Packing, Re-ordering and Mangling
Packing
Let's take a simple program and guess what it does:
struct OneByte { a: u8, } struct TwoBytes { a: u16, } struct ThreeBytes { a: u16, b: u8, } struct FourBytes { a: u32, } fn main() { println!("{}", std::mem::size_of::<OneByte>()); println!("{}", std::mem::size_of::<TwoBytes>()); println!("{}", std::mem::size_of::<ThreeBytes>()); println!("{}", std::mem::size_of::<FourBytes>()); }
The result may surprise you:
1
2
4
4
Rust has aligned your 24-bit structure to a 32-bit boundary in memory. It's allowed to do this with the default "packing" scheme. In general, this speeds up execution---it's easier for the CPU to access memory on word-size boundaries. It does mean we're wasting 1 byte of memory, though. If you are working with a lot of data, this can add up---more realistically, if you are parsing bit data to and from a file or network, you may be surprised when your data is not the size you expect.

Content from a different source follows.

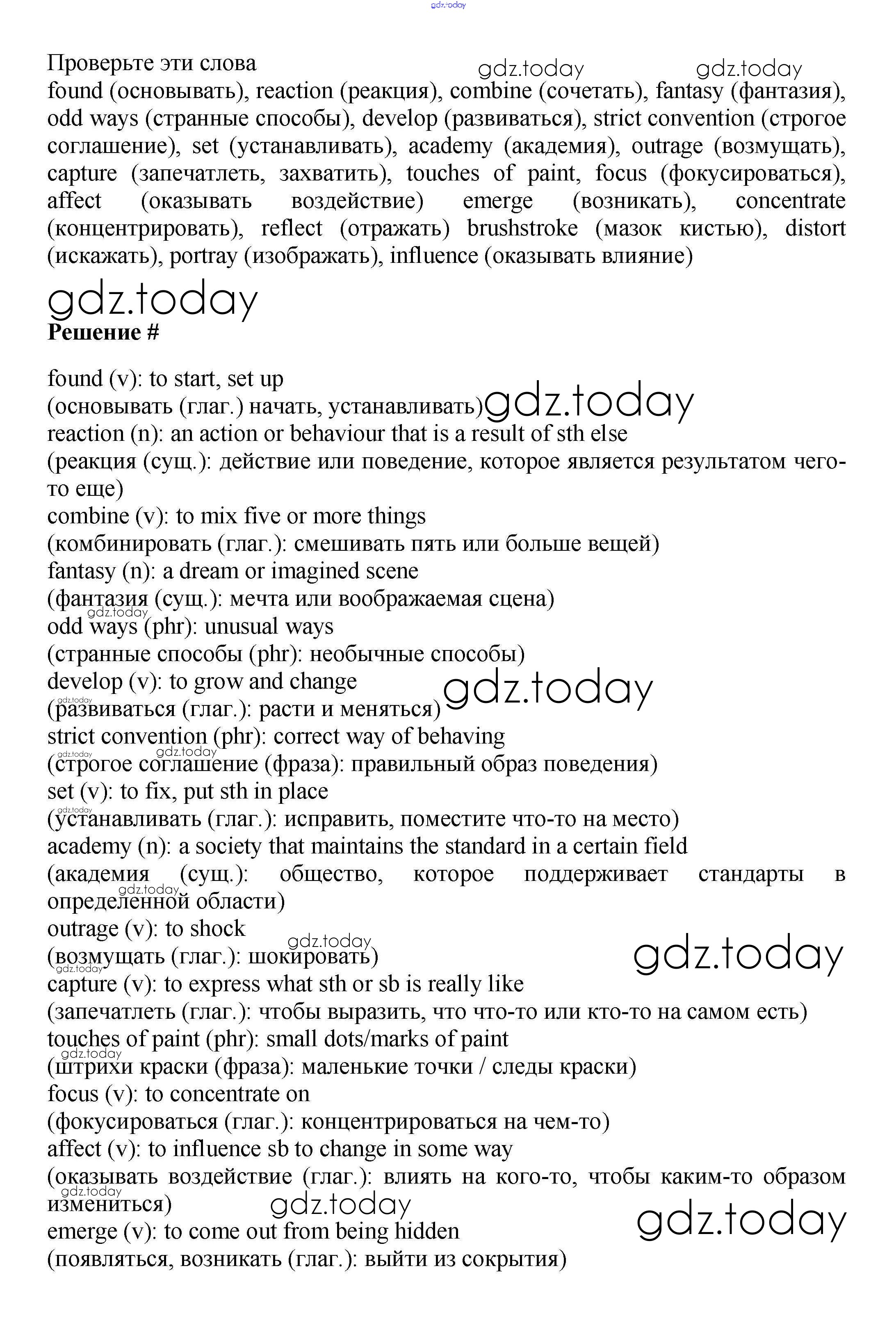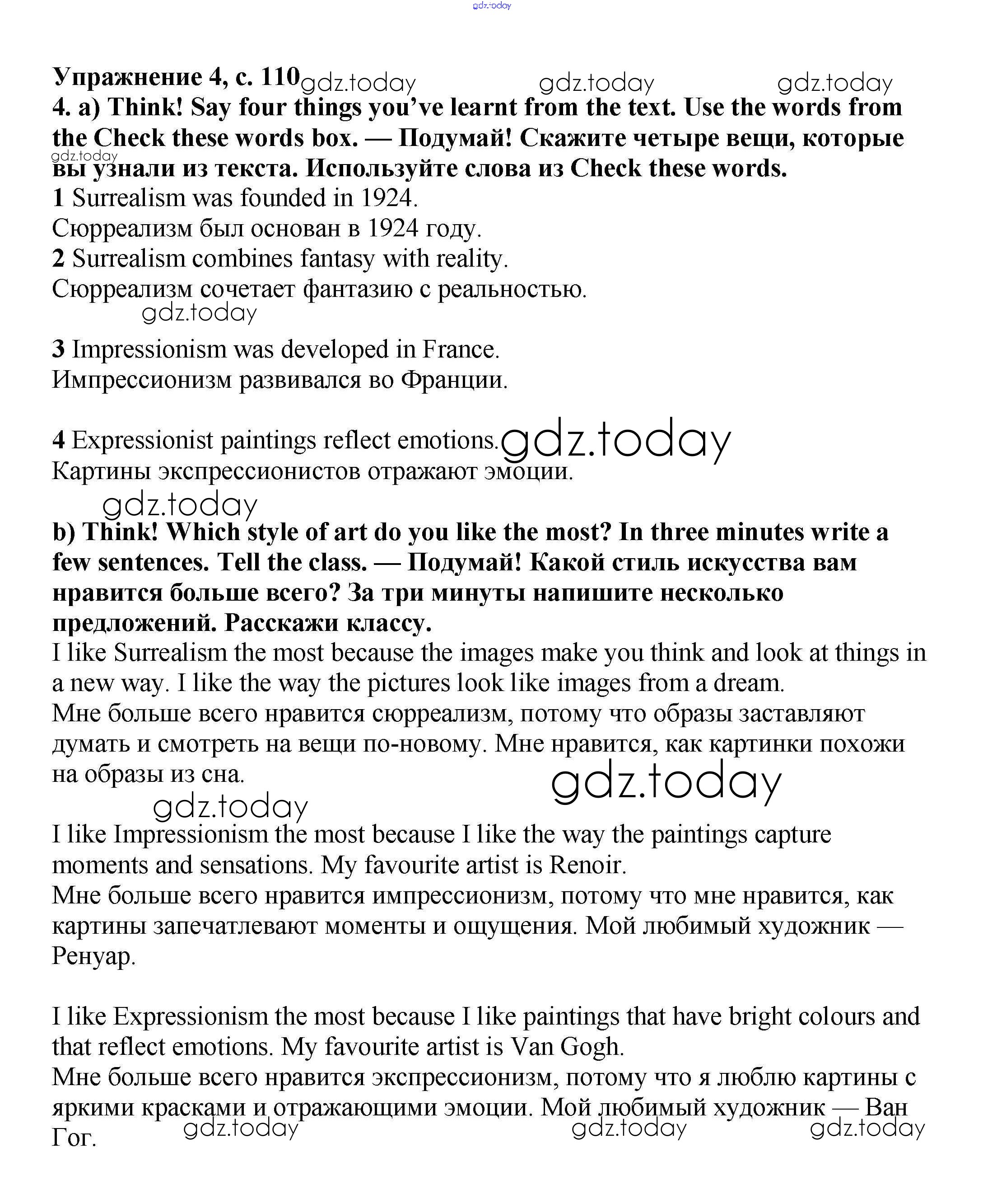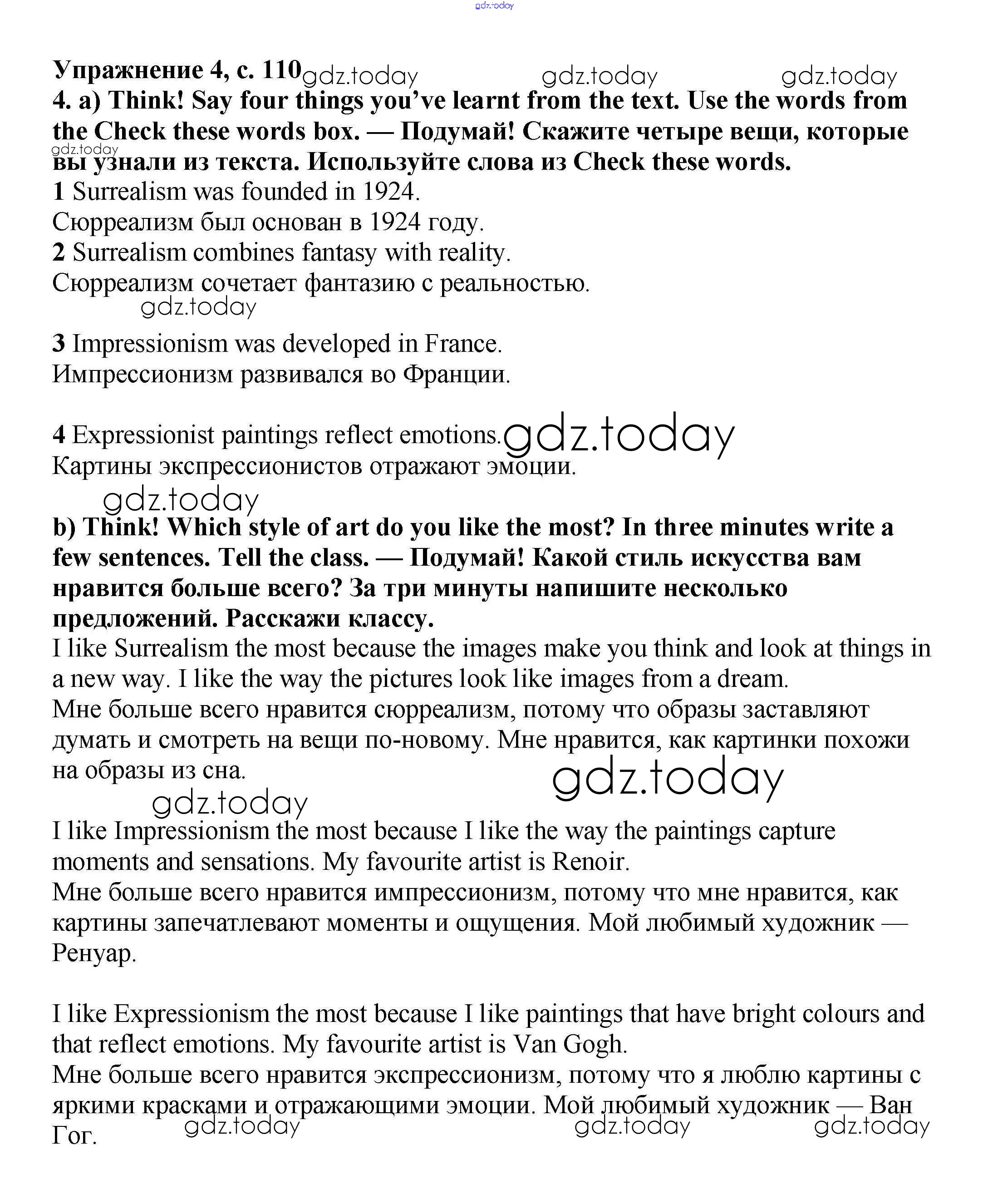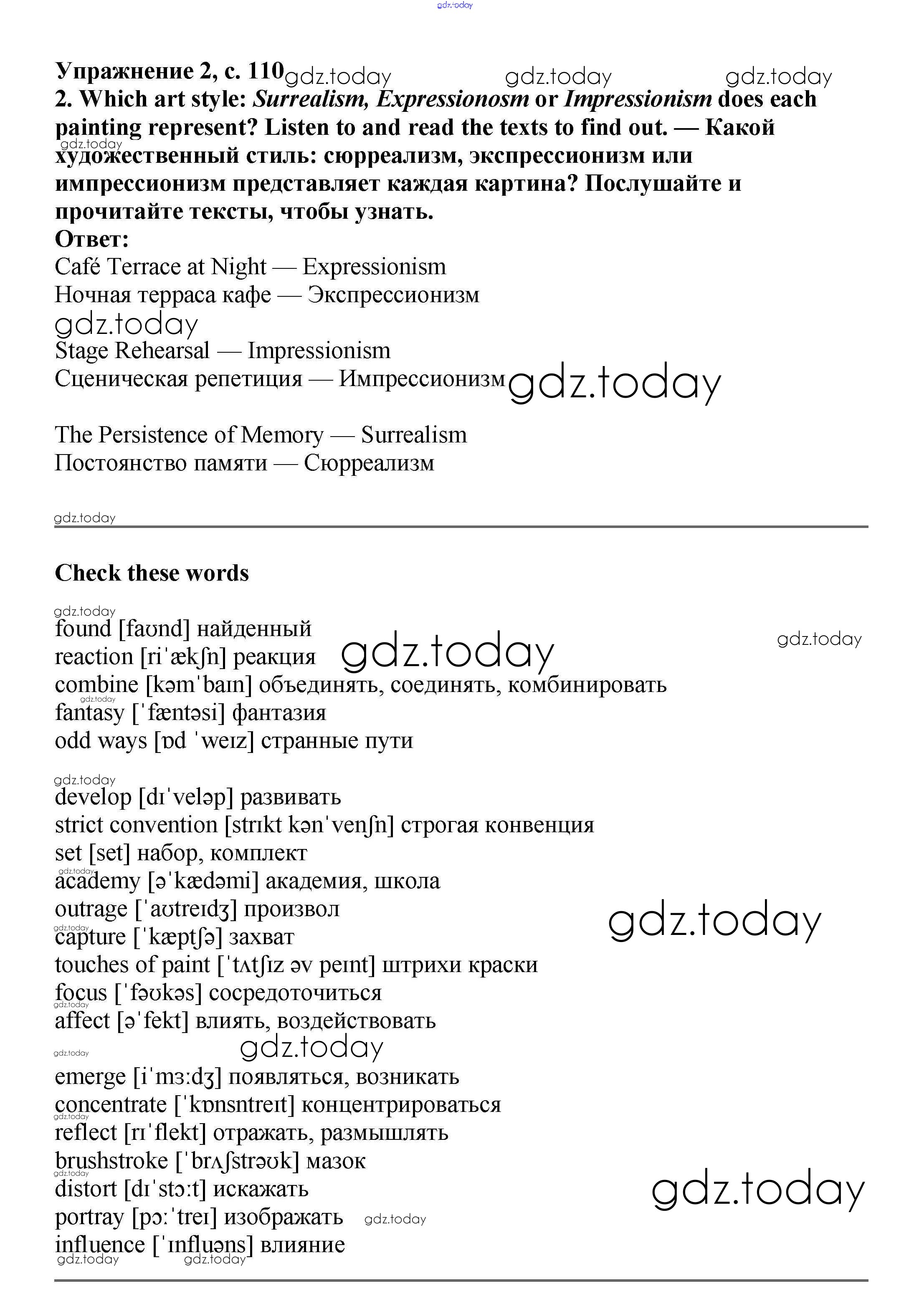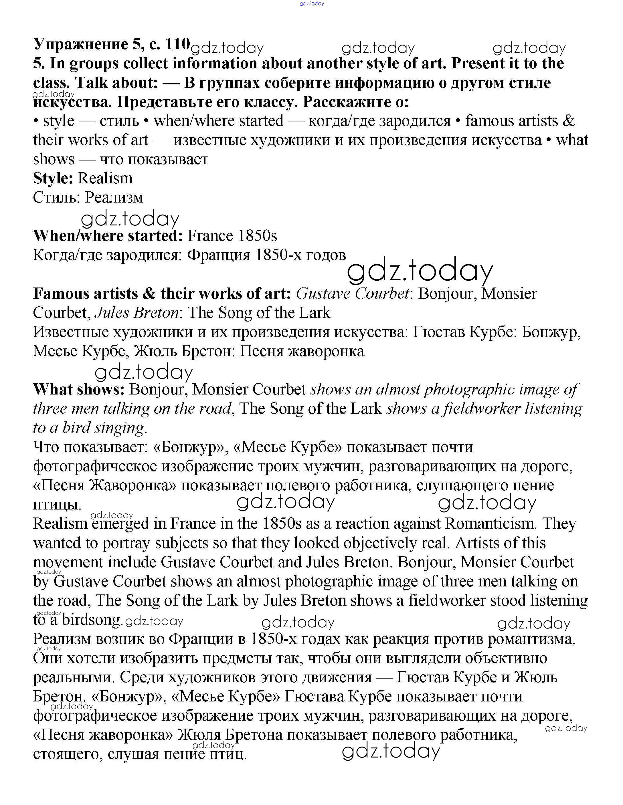 На страницах сайта gdz.today вы найдете учебный и вспомогательный материал, направленный на улучшения знаний школьной программы. ГДЗ - онлайн мир знаний Решение к Module 6. Art & Culture стр.110 Учебнику по Английскому языку для 6 класса Баранова, Дули Углубленный уровень Просвещение Starlight 2017

You can tell Rust that you care about exact byte alignment by adding the decoration:
#![allow(unused)] fn main() { #[repr(packed)] struct ThreeBytes { a: u16, b: u8, } }
Running the program again, we get the more expected "1, 2, 3, 4".
Re-Ordering
On top of changing your structure size, Rust reserves the right to rearrange your structure! This is called "re-ordering". Rust is allowed to do this because it doesn't change the semantics of your program---you access fields by name. But if you are doing binary serialization, you may be surprised when your data is not in the order you expect.
You can tell Rust that you need your structure to be in the order you defined it by adding the decoration:
#![allow(unused)] fn main() { #[repr(C)] }
You can combine these decorations, e.g.
#[repr(packed, C)]
.
Mangling
Rust has a concept of "mangling" names. This is a way of encoding the type information into the name of the function. The linker will use these "internal" names to resolve symbols. This is a way of avoiding name collisions. It also means that you can't call a Rust function from C without some extra work.
You can tell Rust to not mangle a name by adding the decoration:
#![allow(unused)] fn main() { #[no_mangle] }
If you are working with other languages (via the foreign function interface), you may need to use this decoration. Otherwise, the other language will not be able to find your function.
So on the boundaries of your program, where you are dealing with binary data and/or other languages you may need to remember #[repr(C)])]
and #[no_mangle]
. You may need #[repr(packed)]
---but most other languages also pack. Be aware of packing for serialization!